Records contained in a dataset:
•••••

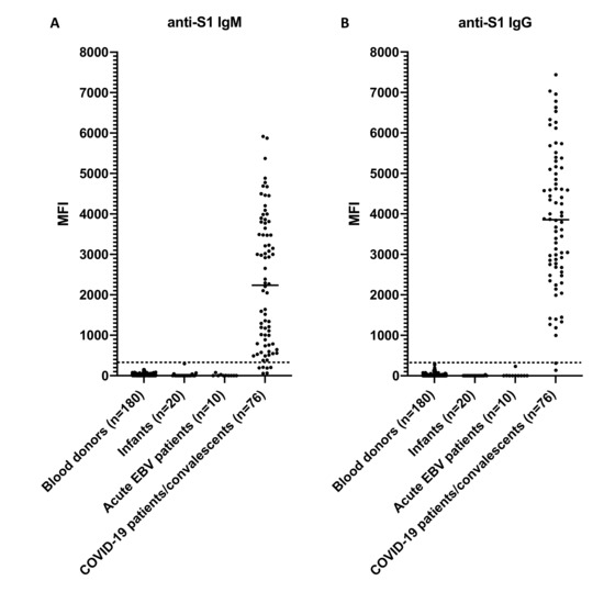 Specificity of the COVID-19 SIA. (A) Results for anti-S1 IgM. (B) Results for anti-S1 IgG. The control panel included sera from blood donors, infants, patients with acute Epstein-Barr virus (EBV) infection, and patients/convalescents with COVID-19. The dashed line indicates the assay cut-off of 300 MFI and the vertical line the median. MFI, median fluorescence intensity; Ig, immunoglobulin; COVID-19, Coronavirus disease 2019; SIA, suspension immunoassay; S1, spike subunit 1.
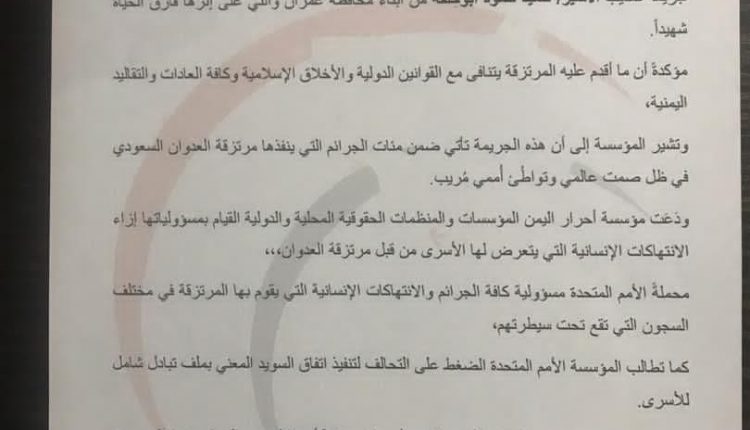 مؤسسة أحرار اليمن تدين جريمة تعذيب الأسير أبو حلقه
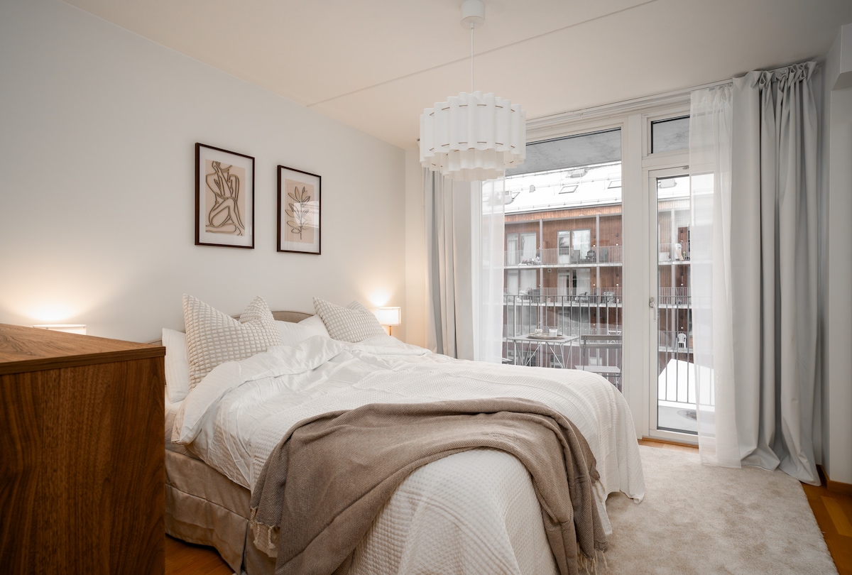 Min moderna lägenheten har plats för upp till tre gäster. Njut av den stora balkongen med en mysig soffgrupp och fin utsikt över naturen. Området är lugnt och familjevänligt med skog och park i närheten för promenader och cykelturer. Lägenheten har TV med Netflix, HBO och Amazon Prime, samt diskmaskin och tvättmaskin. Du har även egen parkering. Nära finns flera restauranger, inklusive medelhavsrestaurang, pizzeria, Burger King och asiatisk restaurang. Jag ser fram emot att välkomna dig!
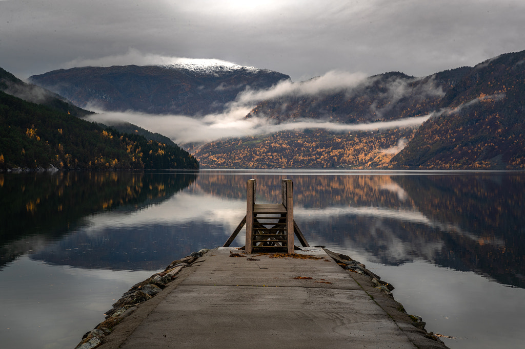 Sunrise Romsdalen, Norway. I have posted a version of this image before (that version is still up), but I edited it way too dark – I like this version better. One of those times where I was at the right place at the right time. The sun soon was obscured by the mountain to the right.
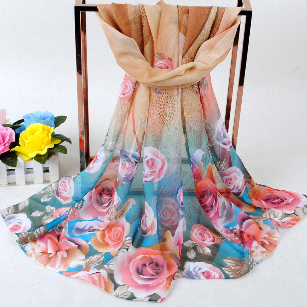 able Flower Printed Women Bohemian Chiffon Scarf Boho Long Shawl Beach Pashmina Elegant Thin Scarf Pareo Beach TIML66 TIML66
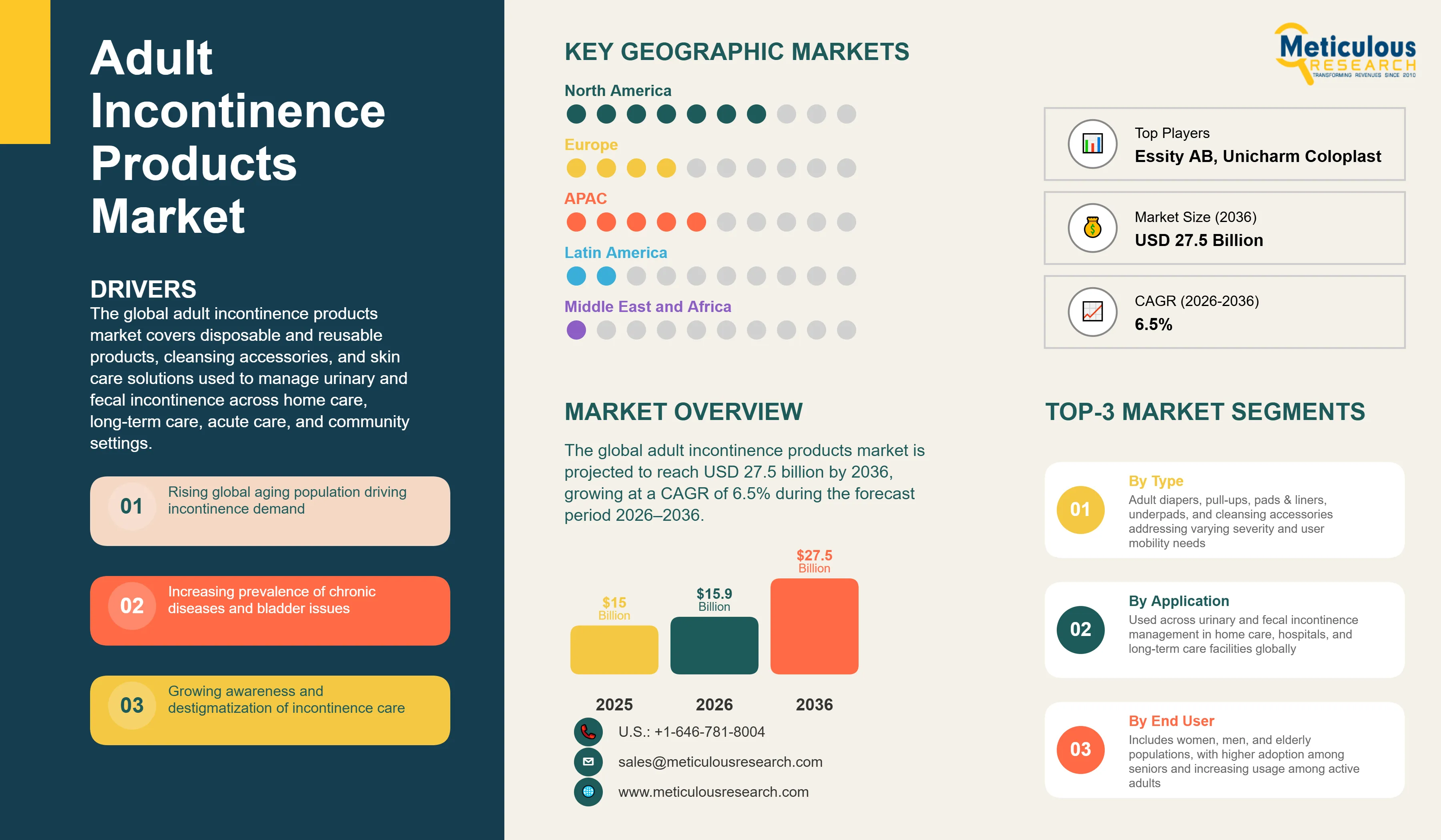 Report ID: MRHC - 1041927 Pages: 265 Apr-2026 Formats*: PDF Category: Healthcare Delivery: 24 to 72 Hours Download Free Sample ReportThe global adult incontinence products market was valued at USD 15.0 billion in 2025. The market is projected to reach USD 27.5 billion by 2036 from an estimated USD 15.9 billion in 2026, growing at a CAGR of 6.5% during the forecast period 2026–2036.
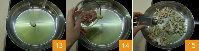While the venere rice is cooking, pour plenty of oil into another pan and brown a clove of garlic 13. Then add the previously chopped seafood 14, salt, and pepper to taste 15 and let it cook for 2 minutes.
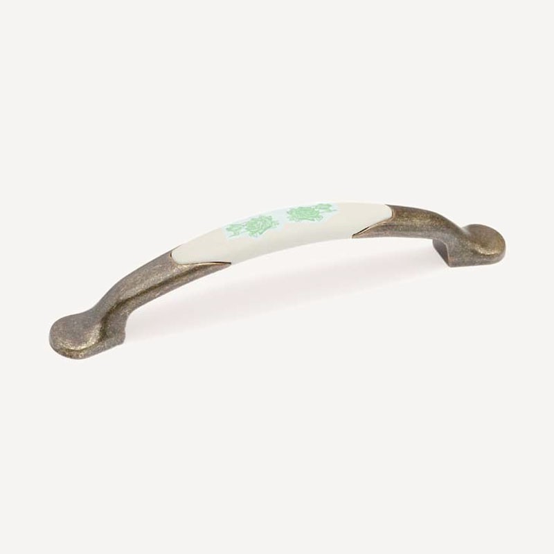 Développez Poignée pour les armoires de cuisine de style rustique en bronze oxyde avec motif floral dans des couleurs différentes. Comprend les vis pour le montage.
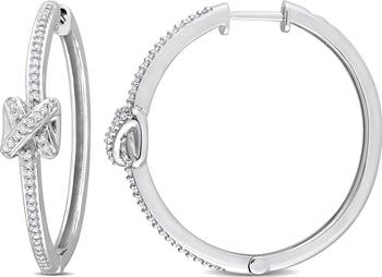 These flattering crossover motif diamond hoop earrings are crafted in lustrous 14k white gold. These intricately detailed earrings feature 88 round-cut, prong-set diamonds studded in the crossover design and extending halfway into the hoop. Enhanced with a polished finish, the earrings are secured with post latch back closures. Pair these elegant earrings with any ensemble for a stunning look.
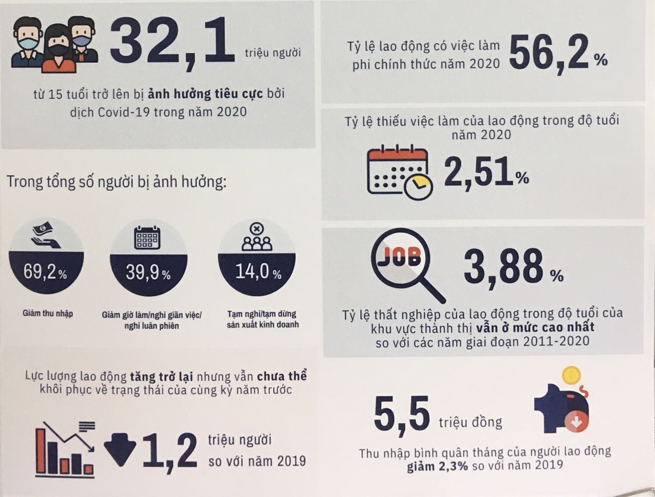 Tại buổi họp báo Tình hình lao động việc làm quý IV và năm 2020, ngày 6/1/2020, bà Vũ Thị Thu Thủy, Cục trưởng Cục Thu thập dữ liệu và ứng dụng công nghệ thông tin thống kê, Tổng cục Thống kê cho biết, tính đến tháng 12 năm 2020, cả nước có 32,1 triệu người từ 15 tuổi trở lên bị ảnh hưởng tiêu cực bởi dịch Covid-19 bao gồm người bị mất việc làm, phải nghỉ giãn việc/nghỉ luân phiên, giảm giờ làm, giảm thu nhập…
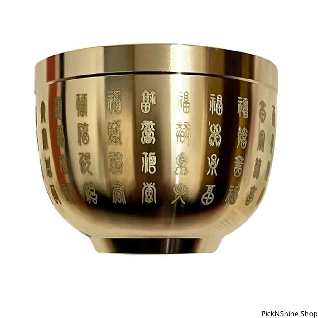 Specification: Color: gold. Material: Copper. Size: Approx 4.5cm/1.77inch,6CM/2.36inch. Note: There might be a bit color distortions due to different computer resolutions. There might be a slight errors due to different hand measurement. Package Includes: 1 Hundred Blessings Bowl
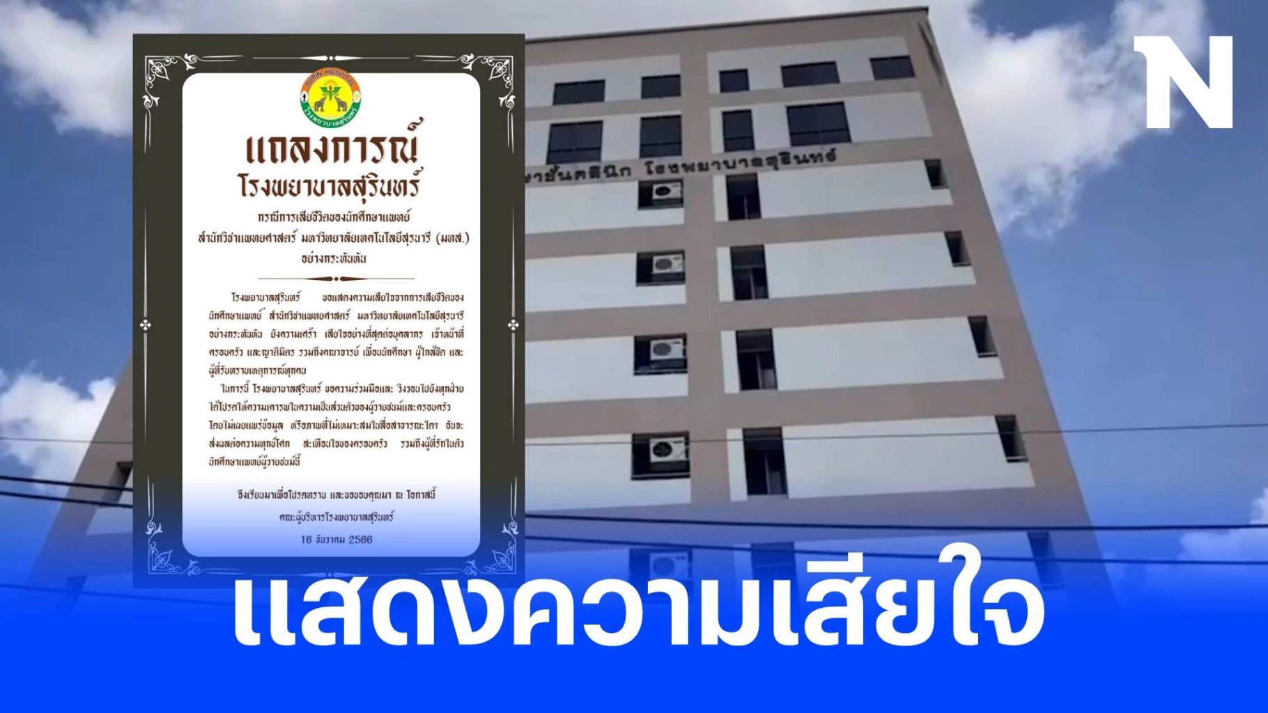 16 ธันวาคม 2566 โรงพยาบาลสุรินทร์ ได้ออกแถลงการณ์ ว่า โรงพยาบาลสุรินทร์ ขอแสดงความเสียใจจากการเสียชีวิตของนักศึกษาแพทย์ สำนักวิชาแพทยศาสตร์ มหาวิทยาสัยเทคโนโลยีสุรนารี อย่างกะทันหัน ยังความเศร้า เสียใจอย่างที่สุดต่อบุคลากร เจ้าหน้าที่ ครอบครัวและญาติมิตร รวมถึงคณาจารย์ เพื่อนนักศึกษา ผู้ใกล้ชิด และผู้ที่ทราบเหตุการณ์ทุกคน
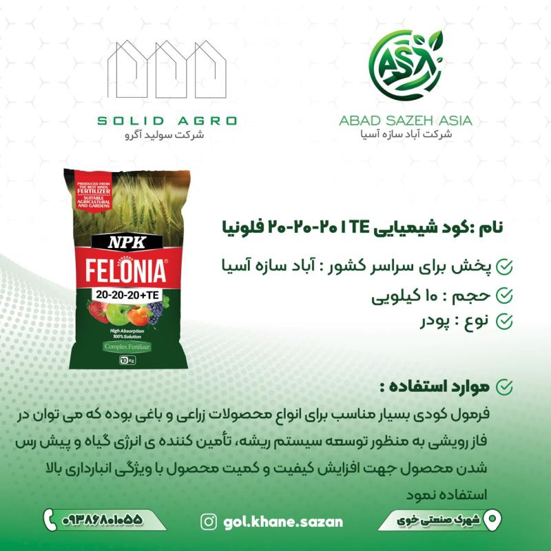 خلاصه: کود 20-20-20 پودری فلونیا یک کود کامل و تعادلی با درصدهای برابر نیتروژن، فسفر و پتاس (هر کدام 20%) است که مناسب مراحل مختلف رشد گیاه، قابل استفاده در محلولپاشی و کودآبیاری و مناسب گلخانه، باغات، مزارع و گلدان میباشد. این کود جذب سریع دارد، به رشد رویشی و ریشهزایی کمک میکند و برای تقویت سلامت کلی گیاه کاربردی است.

•••••

What is expected: Starting at the line above that holds "Développez Poignée pour", repeat every line exactly down to and including the line that holds "16 ธันวาคม 2566", then stop. Do not carry over any pictures.

Result of the exercise:
 Développez Poignée pour les armoires de cuisine de style rustique en bronze oxyde avec motif floral dans des couleurs différentes. Comprend les vis pour le montage.
 These flattering crossover motif diamond hoop earrings are crafted in lustrous 14k white gold. These intricately detailed earrings feature 88 round-cut, prong-set diamonds studded in the crossover design and extending halfway into the hoop. Enhanced with a polished finish, the earrings are secured with post latch back closures. Pair these elegant earrings with any ensemble for a stunning look.
 Tại buổi họp báo Tình hình lao động việc làm quý IV và năm 2020, ngày 6/1/2020, bà Vũ Thị Thu Thủy, Cục trưởng Cục Thu thập dữ liệu và ứng dụng công nghệ thông tin thống kê, Tổng cục Thống kê cho biết, tính đến tháng 12 năm 2020, cả nước có 32,1 triệu người từ 15 tuổi trở lên bị ảnh hưởng tiêu cực bởi dịch Covid-19 bao gồm người bị mất việc làm, phải nghỉ giãn việc/nghỉ luân phiên, giảm giờ làm, giảm thu nhập…
 Specification: Color: gold. Material: Copper. Size: Approx 4.5cm/1.77inch,6CM/2.36inch. Note: There might be a bit color distortions due to different computer resolutions. There might be a slight errors due to different hand measurement. Package Includes: 1 Hundred Blessings Bowl
 16 ธันวาคม 2566 โรงพยาบาลสุรินทร์ ได้ออกแถลงการณ์ ว่า โรงพยาบาลสุรินทร์ ขอแสดงความเสียใจจากการเสียชีวิตของนักศึกษาแพทย์ สำนักวิชาแพทยศาสตร์ มหาวิทยาสัยเทคโนโลยีสุรนารี อย่างกะทันหัน ยังความเศร้า เสียใจอย่างที่สุดต่อบุคลากร เจ้าหน้าที่ ครอบครัวและญาติมิตร รวมถึงคณาจารย์ เพื่อนนักศึกษา ผู้ใกล้ชิด และผู้ที่ทราบเหตุการณ์ทุกคน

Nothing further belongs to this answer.